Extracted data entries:
========

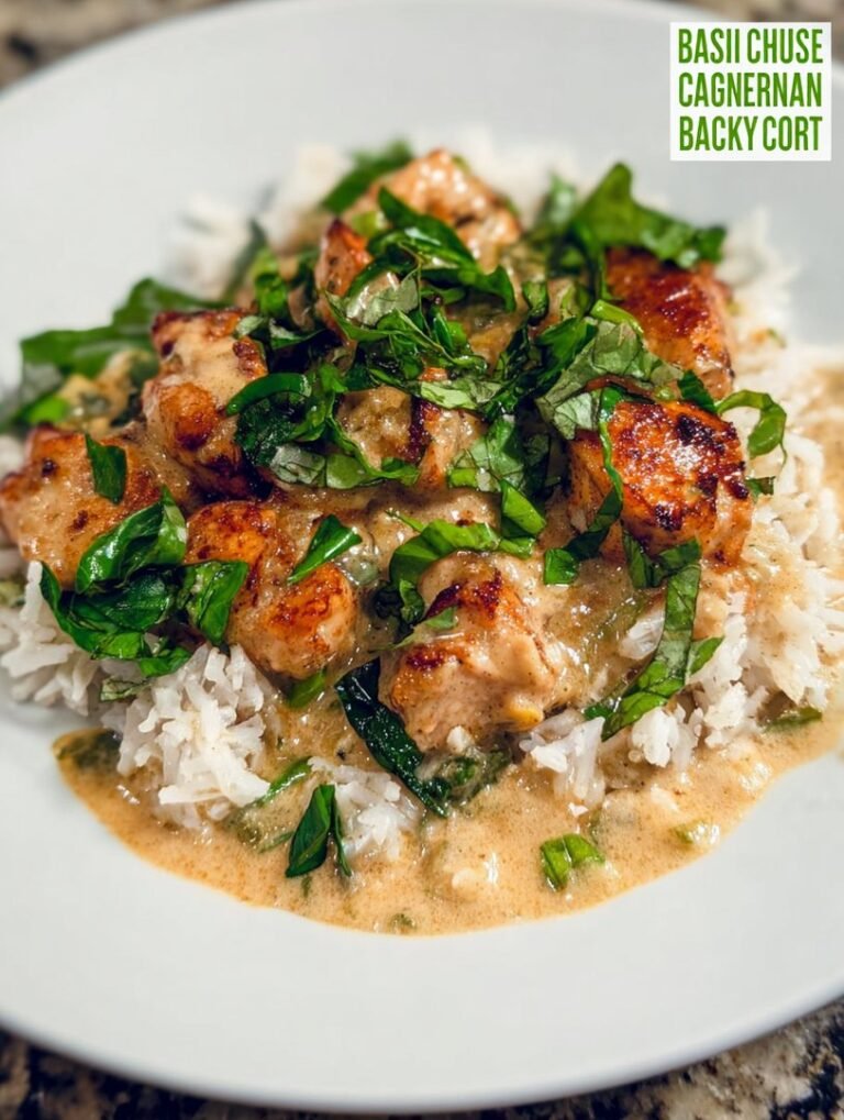 In meiner Verzweiflung griff ich nach dem, was am schnellsten ging: Hähnchen, Kokosmilch, eine vergessene Dose Currypaste aus der hintersten Ecke des Schranks und, glücklicherweise, ein riesiger Topf frischer Basilikum, den ich am Morgen gekauft hatte. Ich warf alles, was nicht bei drei auf dem Baum war, in den Wok und hoffte auf das Beste. Das Ergebnis war dieses aromatische, unwiderstehliche Basilikum-Hähnchen. Meine Gäste hielten es für ein stundenlang geschmortes Gourmetgericht. Ich sage immer, die besten Rezepte sind jene, die aus Zeitnot und einem Schuss Glück entstehen.
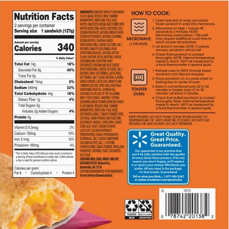 Great Value Ham & Cheese Filled Sandwiches, 9 oz, 2 Count (Frozen)
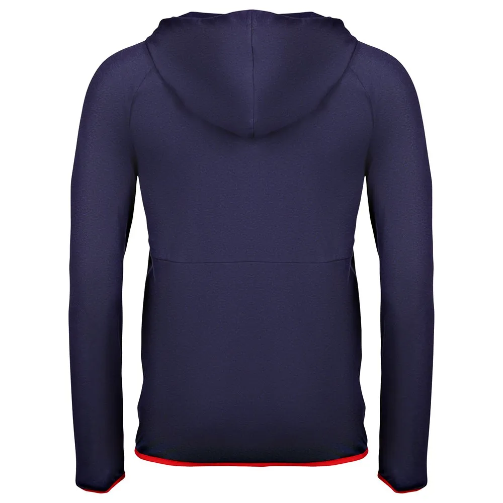 O tecido mesclado de secagem rápida mantém você confortável, enquanto o capuz não removível fornece cobertura extra.
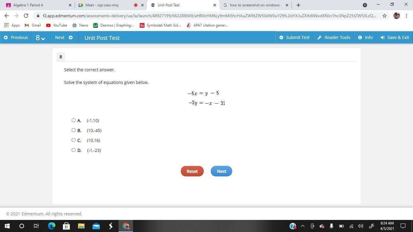 Since the system has two distinct solutions, the line and the curve meet at two distinct poibts9: (1,6) & (7,0)
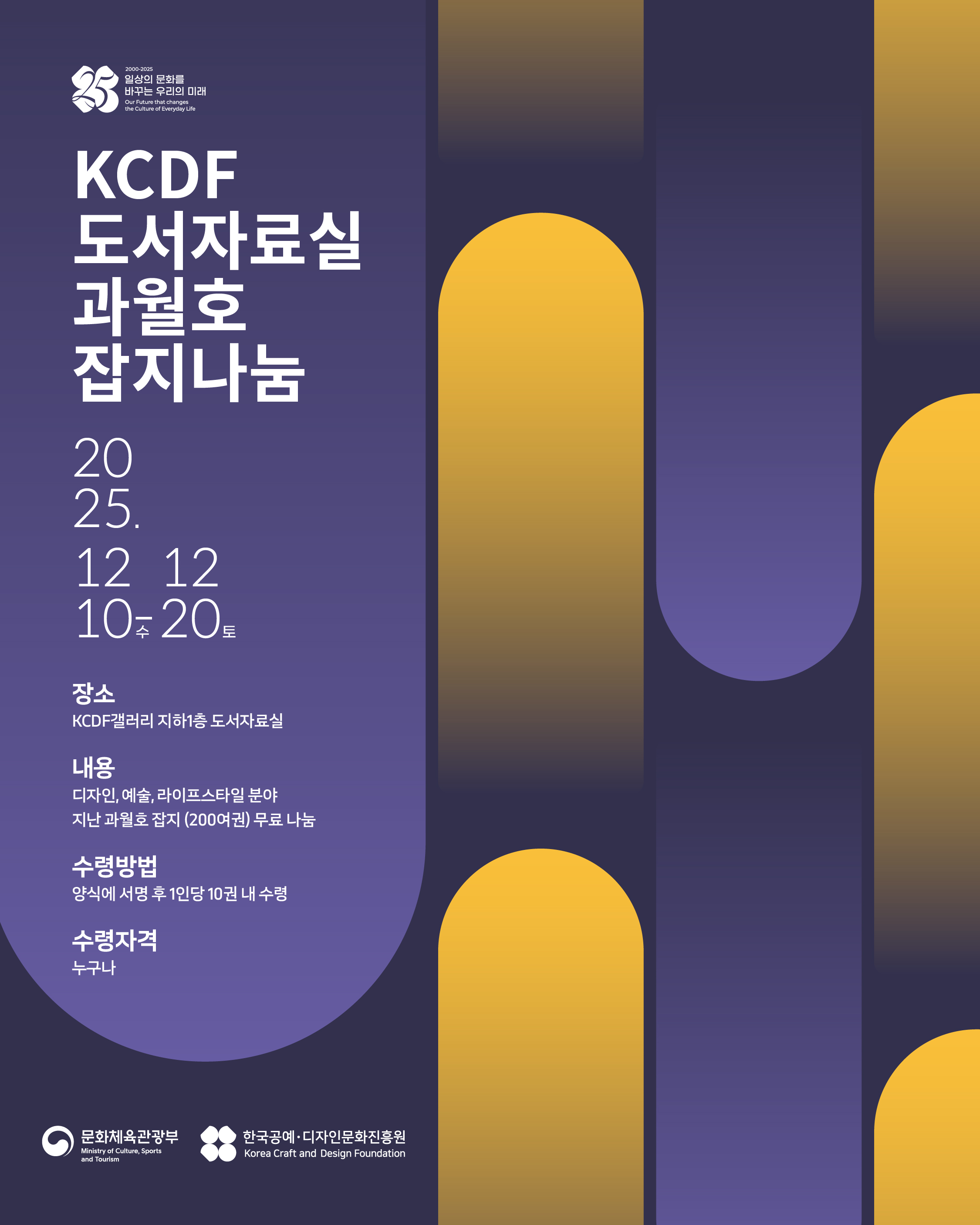 KCDF도서자료실에서 2025 과월호 잡지 나눔전을 진행합니다.
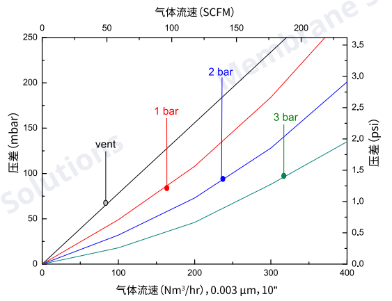 *測試氣體為壓縮空氣,測試壓力vent,1bar,2bar,3bar為出口壓力。
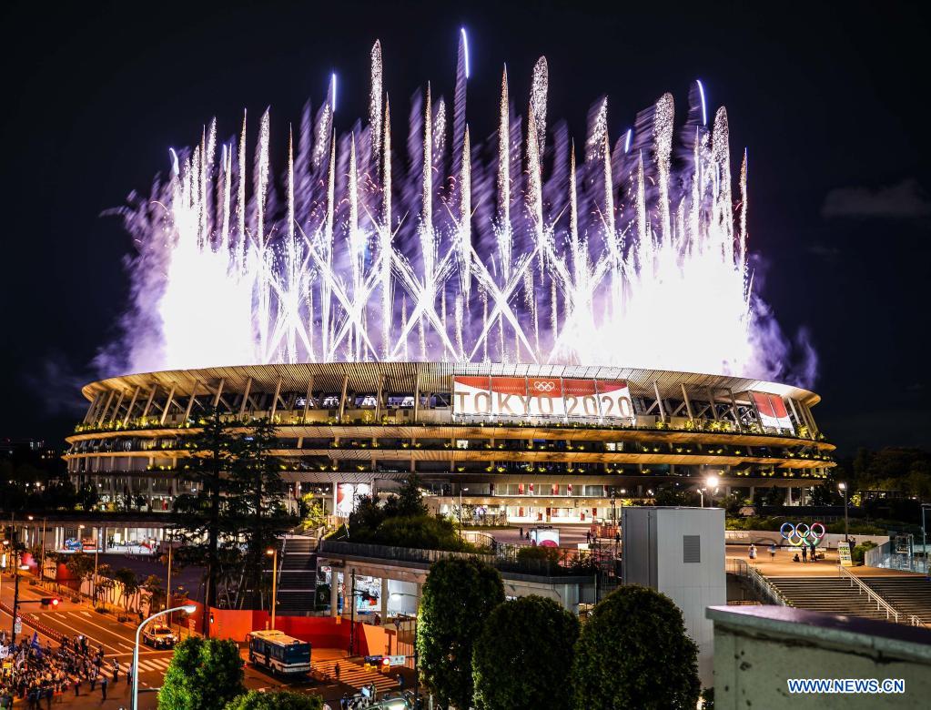 Ein Feuerwerk explodiert über dem Olympiastadion während der Eröffnungsfeier der Olympischen Sommerspiele in Tokio 2020 am 23. Juli 2021 in Tokio. (Xinhua/Liu Dawei)
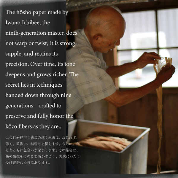 Hōsho by the Iwano family is trusted by artists and institutions worldwide—supplied to the Louvre Museum since 2014—and valued for its soft yet robust feel, pigment-holding capacity, and archival cleanliness achieved through thorough washing and inspection of every sheet.
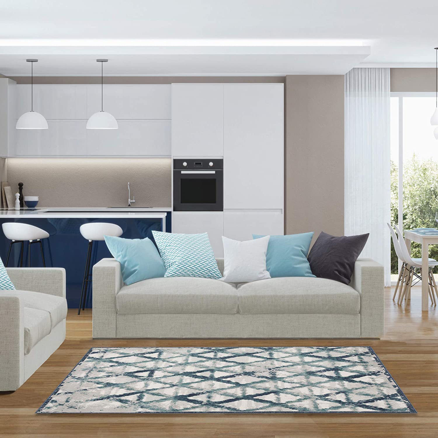 Achim Capri 3 Piece Rug Set, Rizzy Blue, 3-Piece Set, 2x3, 2x5, 5x7 Feet
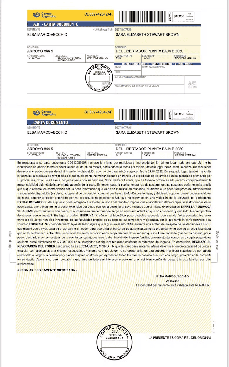 Por otra parte, la carta de documento que le envió Marcovecchio a Sara Stewart Brown consigna: "Su comportamiento lejos de la hidalguía que la guió en el año 2016 encierra una actitud de irrespeto de las decisiones libres que ejerció Jorge, por ejemplo casarse y otorgarme un poder para que dirija el barco en su ausencia".
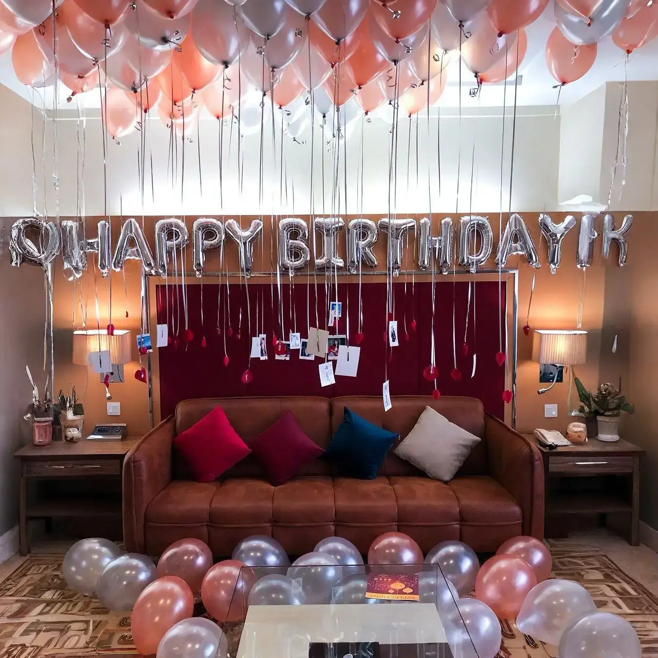 Celebrate a stylish 17th birthday with this luxurious monochrome balloon decor. Featuring a large black circular backdrop adorned with white, black, and chrome silver balloons, this setup is perfect for elegant indoor celebrations or modern venue parties. Ideal for photos and making the guest of ...
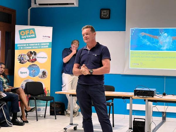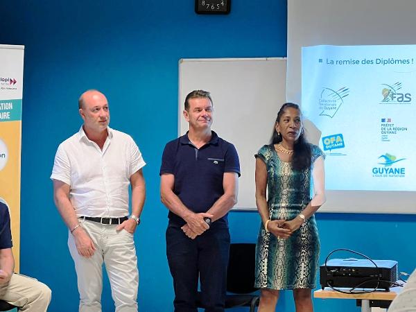 Une remise de diplômes aux lauréats du BPJEPS -AAN (Brevet Professionnel de la Jeunesse, de l’Éducation Populaire et du Sport), spécialisation Activités Aquatiques et Natation) était organisée par la Collectivité Territoriale de Guyane (CTG) via l’IFAS (Institut de Formation et d’Accès aux Sports Michel Néron), en partenariat avec l’association OFA Guyane (Organisme de Formation Associatif), la Ligue de Natation de Guyane et l’ERFAN (École Régionale de Formation aux Activités de la Natation, le lundi 12 décembre 2022, au Pôle Médico Sportif -Docteur José Dorcy.
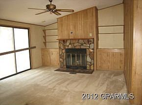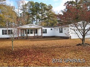 Spacious, 3 bedroom, 2.5 bath doublewide mobile home with covered front porch, double attached garage, fireplace on large country lot. Home needs some TLC and repairs.

========

(Exercise objective)
There should be an exact restatement of the lines from the line with "Une remise de" through the last line of the entries above, and no pictures in it.

(Result of this task)
 Une remise de diplômes aux lauréats du BPJEPS -AAN (Brevet Professionnel de la Jeunesse, de l’Éducation Populaire et du Sport), spécialisation Activités Aquatiques et Natation) était organisée par la Collectivité Territoriale de Guyane (CTG) via l’IFAS (Institut de Formation et d’Accès aux Sports Michel Néron), en partenariat avec l’association OFA Guyane (Organisme de Formation Associatif), la Ligue de Natation de Guyane et l’ERFAN (École Régionale de Formation aux Activités de la Natation, le lundi 12 décembre 2022, au Pôle Médico Sportif -Docteur José Dorcy.
 Spacious, 3 bedroom, 2.5 bath doublewide mobile home with covered front porch, double attached garage, fireplace on large country lot. Home needs some TLC and repairs.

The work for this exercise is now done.